David looks back at a dangerous age in new book

Local author invites llanblogger to review his latest novel

David Ebsworth has produced a new all-action novel which manages to deliver a fascinating history lesson into the bargain.
Despite the rising popularity of books with a military history theme, works about the Spanish Civil War of the late 1930s are still not all that common.

And consequently our knowledge of this episode of blood-letting which presaged the Second World War tends to be perhaps a little sparse.
But Until the Curtain Falls by Ebsworth, who already has a handful of historical fiction novels covering periods from the Dark Ages to the Zulu War to his credit, goes a long way to correct this imbalance.


* Author David Ebsworth.
While displaying all the nail-biting drama and plot twists of a classic spy or detective story, it also tells us much about the epic battle of fascism v socialism which is its backcloth.
The book is actually a sequel to the author’s earlier novel, The Assassin’s Mark, which placed left-wing journalist Jack Telford right in the heart of the conflict leading to the rise to power of the dictator Franco who went on to rule Spain with an iron hand until his death in 1975.
In the first novel Telford finds himself in plenty of trouble when a press facility trip to the war-torn country designed to show Franco’s Nationalists in the best possible light takes some seriously sinister turns.

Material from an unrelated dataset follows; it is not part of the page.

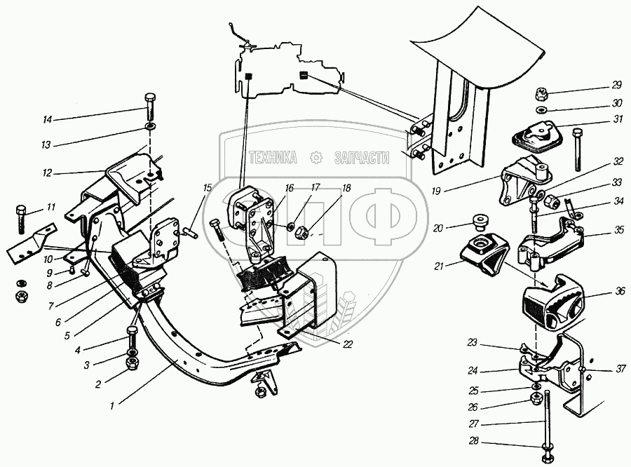 Каталог запасных частей к технике: Камский автозавод 4310. Подвеска силового агрегата

Until the Curtain Falls, set in the closing stage of the war in the autumn of 1938,  takes the plot on from there and places Telford in some even more perilous predicaments.
But he’s no plastic James Bond figure and doesn’t always manage to escape unscathed. Although Telford must at times turn into a killer it’s a reluctant one and in one stomach-churning episode in which he is tortured by a fascist henchman he ends up with a life-changing injury.

The plot roars its way across a Spain where both the landscape and the people are  deeply scarred by civil war – always the most wounding of conflicts – and, thanks to some meticulous research, every step of the way the detail against which Ebsworth sets the action is little short of superb, right down to the correct-for-the-period price of the tickets when Telford spends a night at the theatre.
Every key character is magnificently drawn and the dialogue entirely believable.    

The book pulls no punches either when it comes to its references to Britain’s less than glorious influence on the war which was a dress rehearsal for the much larger conflict destined to erupt in September 1939.
In every sense this book is a cracking read and also an absorbing backward glance at a very dangerous age.